# PROVIDED MATERIAL
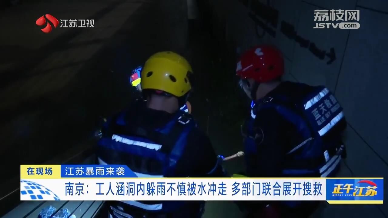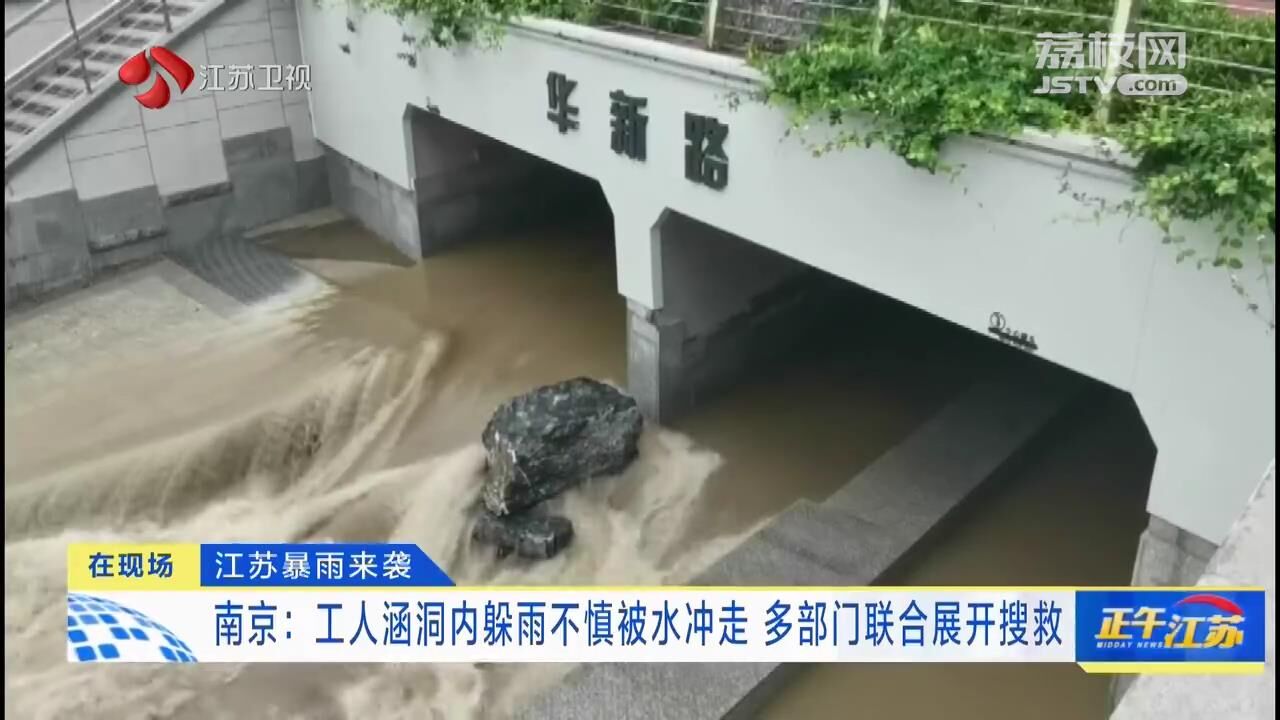 7月19日下午,南京突降暴雨,正在雨花台区西善桥街道从事绿化施工的几名工人到附近的涵洞口躲雨,一同前往躲雨的还有三名环卫工人。随着降雨持续,涵洞内积水迅速上升,其中一名66岁的女工人不慎被大水冲走。得知消息之后,当地消防、公安、城管等部门,以及蓝天救援队近150人赶赴现场搜救,搜救工作一直持续到凌晨。
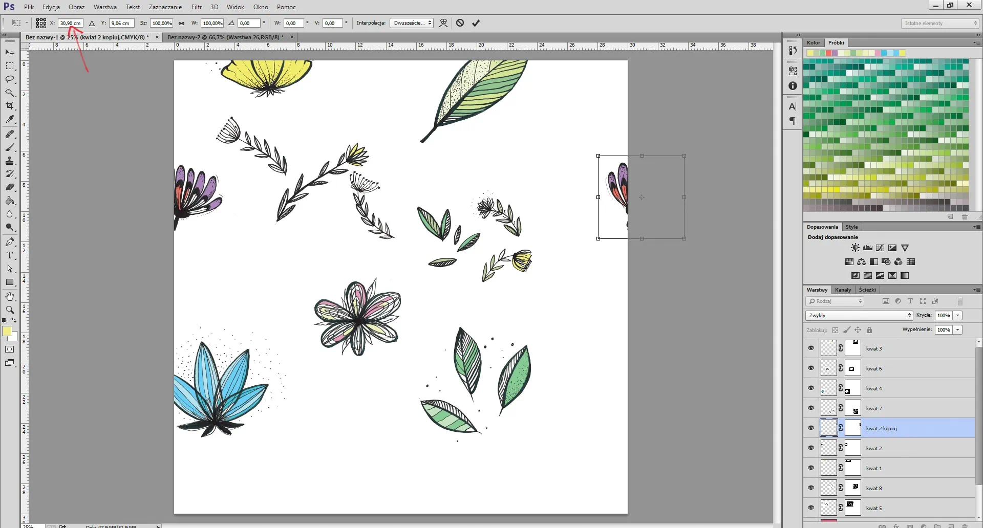 Elige centímetros en la herramienta Regla en la parte superior. A continuación, copia la capa con el elemento (la flor) a la izquierda. Pulsa CTRL+T y cambia la posición del elemento copiado en el eje X (el horizontal) unos 30 cm. Las herramientas para cambiar la posición del elemento se pueden encontrar en la esquina superior izquierda (ver la imagen). Haz lo mismo con otros elementos terminales.
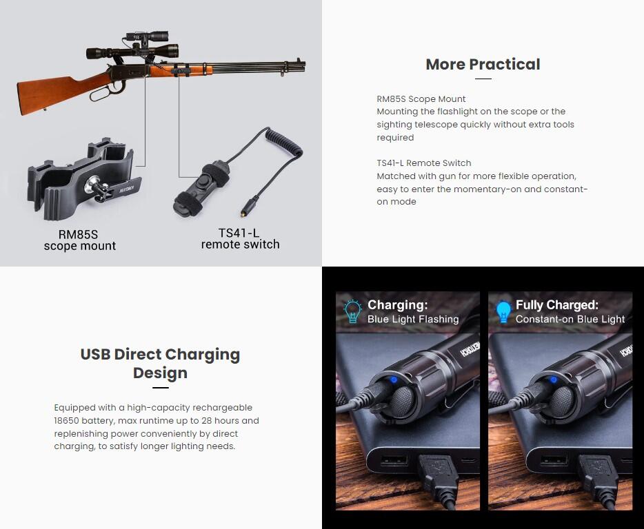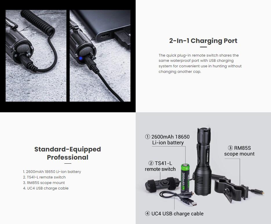Genopladeligt batteri, fjernkontrol samt Nextorch RM85S kvalitets montage følger med
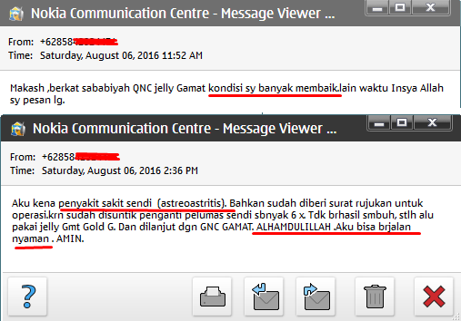 Testimoni Konsumen Yang Telah Mengkonsumsi Obat Herbal QnC Jelly Gamat Untuk Mencegah Dan Mengobati Penyakit :
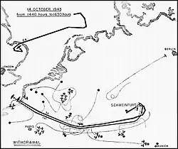 The second Schweinfurt raid,[9] also called Black Thursday, was a World War II air battle that took place on 14 October 1943, over Nazi Germany between forces of the United States 8th Air Force and German Luftwaffe fighter arm (Jagdwaffe). The American bombers conducted a strategic bombing raid on ball bearing factories to reduce production of these vital parts used in all manner of war machines. This was the second attack on the factories at Schweinfurt. American wartime intelligence claimed the first Schweinfurt–Regensburg mission in August had reduced bearing production by 34 percent but had cost many bombers. A planned follow-up raid had to be postponed to rebuild American forces.
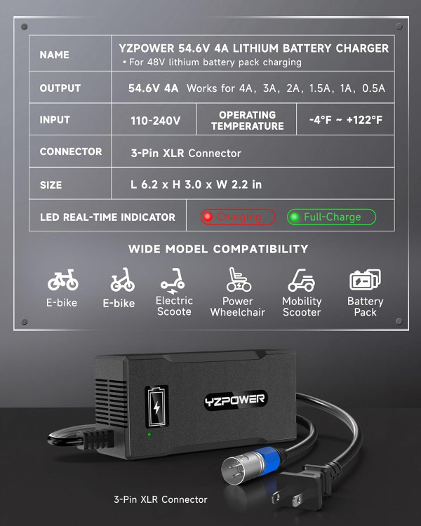 شارژر باتری لیتیومی YZPOWER 48 ولت، شارژر سریع 54.6 ولت 4 آمپر با فن خنک کننده توربو - محافظت در برابر گرمای بیش از حد، کانکتور XLR 3 پین برای دوچرخه برقی/اسکوتر/اسکوتر برقی/اسکوتر برقی/دوچرخه برقی
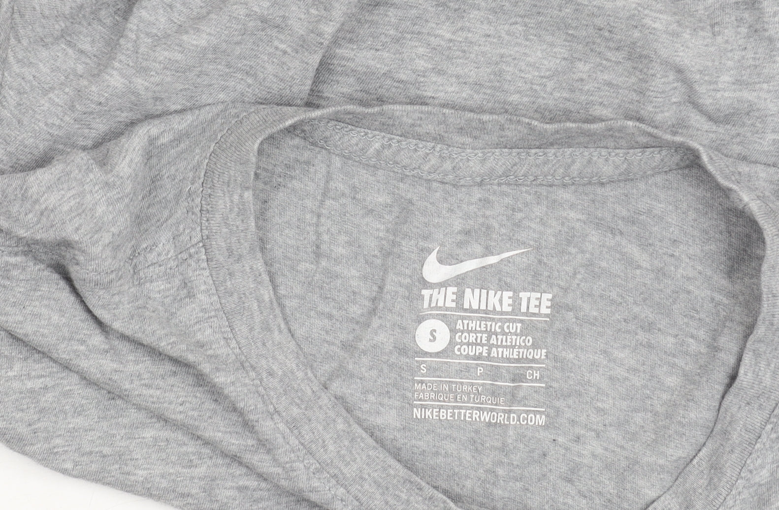 Nike Men’s Grey Athletic Fit Cotton T-Shirt Size S Crew Neck Sports Top
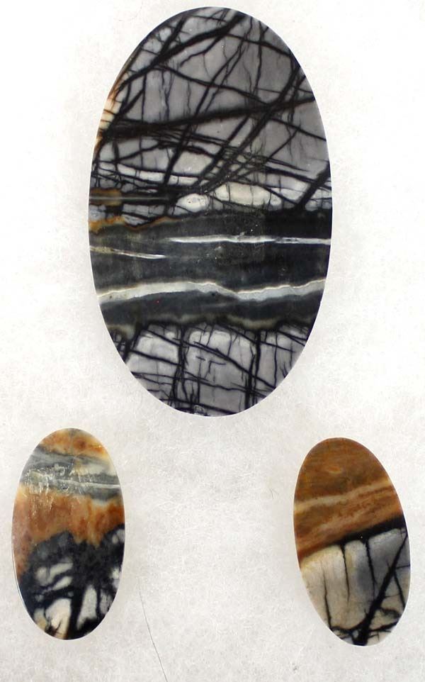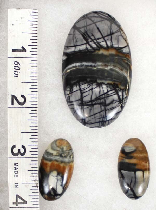 3 Picasso Marble Stone Cabochons, includes 2 measuring 1 3/8'' x .75''W and weighing 9.51 grams total wt., 1 measuring 2.5'' x 1.5''W and weighing 23.87 grams
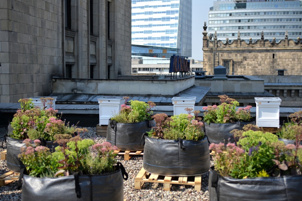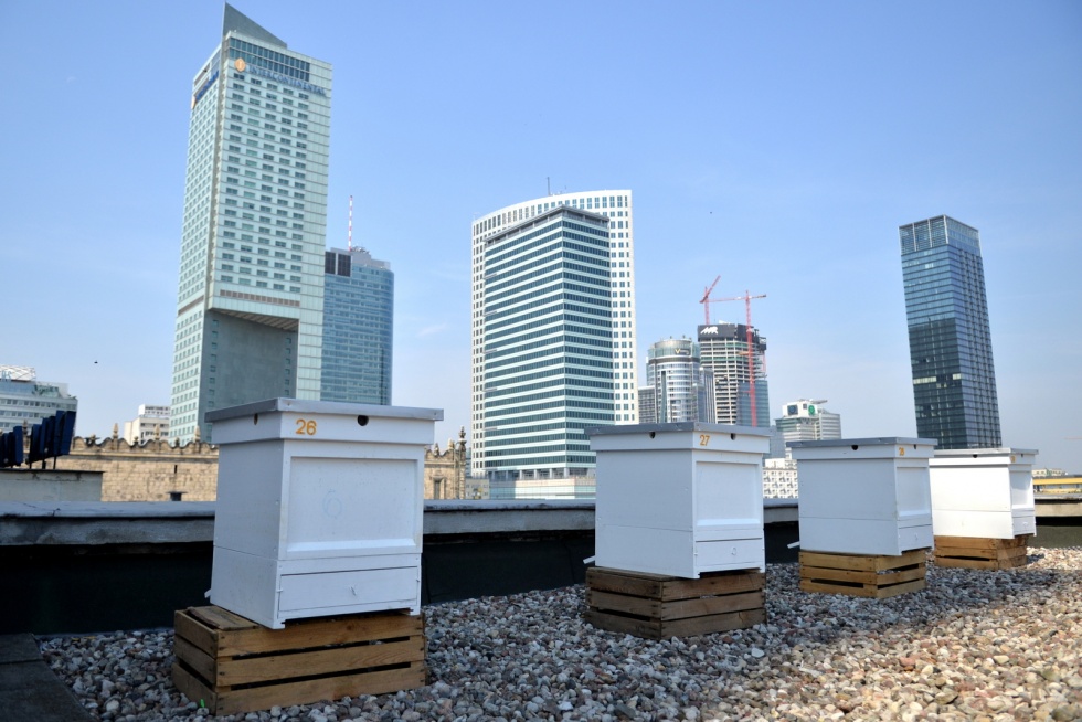 Pierwsza miejska pasieka, składająca się z czterech uli i szeregu miododajnych krzewów i bylin, powstała na dachu Teatru Studio w Pałacu Kultury i Nauki. W przenośnym, przyulowym ogródku pożyteczne owady mają do dyspozycji sezonowe kwiaty: kocimiętkę, rozchodniki, w kilku, kwitnących kolejno po sobie odmianach oraz pachnące budleje i wrzosy.
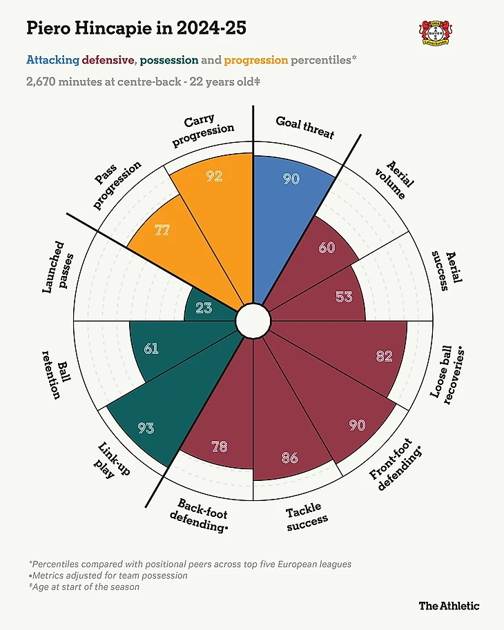 Первый — это Пьеро Инкапиэ, который с тех пор, как в 19 лет приехал в Германию, обеспечивал надежную защиту «Байера» из Леверкузена. Как показано на рисунке ниже, Инкапиэ ищет работу в обороне, с готовностью принимает вызовы (защита в высокой линии, 90 из 99) и часто выходит победителем, когда ему это удается (успешность единоборств, 86 из 99).
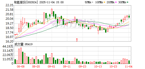 11月4日,和胜股份盘中下跌2.09%,截至10:44,报20.11元/股,成交8949.11万元,换手率2.32%,总市 值62.33亿元。 资金流向方面,主力资金净流出1119.37万元,特大单买入178.57万元,占比2.00%,卖出363.03万元, 占比4.06%;大单买入793.93万元,占比8.87%,卖出1728.84万元,占比19.32%。 和胜股份今年以来股价涨29.49%,近5个交易日涨4.58%,近20日涨7.25%,近60日涨15.31%。 今年以来和胜股份已经1次登上龙虎榜,最近一次登上龙虎榜为2月26日。 资料显示,广东和胜工业铝材股份有限公司位于广东省中山市三乡镇前陇工业区美源路5号,成立日期 2005年4月20日,上市日期2017年1月12日,公司主营业务涉及工业铝挤压材及深加工制产品的研发、生 产和销售。主营业务收入构成为:铝制品93.32%,其他(补充)5.33%,受托加工1.36%。 和胜股份所属申万行业为:有色金属-工业金属-铝。所属概念板块包括:小盘、汽车轻量化、富士康概 念、有色铝、融资融券等。 截至10月20日,和胜股份股东户数2.80万,较上期减少2.11%; ...
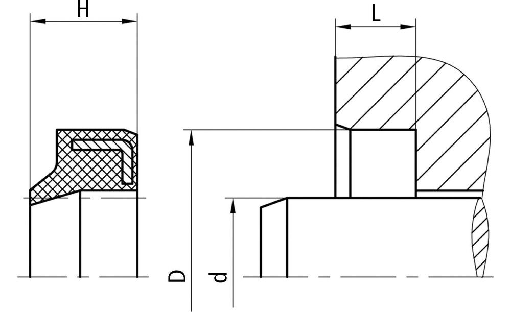 Abstreifer der Bauform AM 45 können in einen axial zugänglichen Einbauraum montiert werden. Der Vorzug liegt in der einfacheren konstruktiven Gestaltung des Einbauraumes und einer bequemen Montage, besonders bei kleineren Durchmessern. Bitte beachten Sie, dass die Einbauräume mit einer leichten Einführfase versehen werden.

# THE TASK
Look above for the line containing "Genopladeligt batteri, fjernkontrol" and the line containing "The second Schweinfurt", then reproduce both and everything between them exactly, pictures omitted.

# ANSWER TO THIS TASK
Genopladeligt batteri, fjernkontrol samt Nextorch RM85S kvalitets montage følger med
 Testimoni Konsumen Yang Telah Mengkonsumsi Obat Herbal QnC Jelly Gamat Untuk Mencegah Dan Mengobati Penyakit :
 The second Schweinfurt raid,[9] also called Black Thursday, was a World War II air battle that took place on 14 October 1943, over Nazi Germany between forces of the United States 8th Air Force and German Luftwaffe fighter arm (Jagdwaffe). The American bombers conducted a strategic bombing raid on ball bearing factories to reduce production of these vital parts used in all manner of war machines. This was the second attack on the factories at Schweinfurt. American wartime intelligence claimed the first Schweinfurt–Regensburg mission in August had reduced bearing production by 34 percent but had cost many bombers. A planned follow-up raid had to be postponed to rebuild American forces.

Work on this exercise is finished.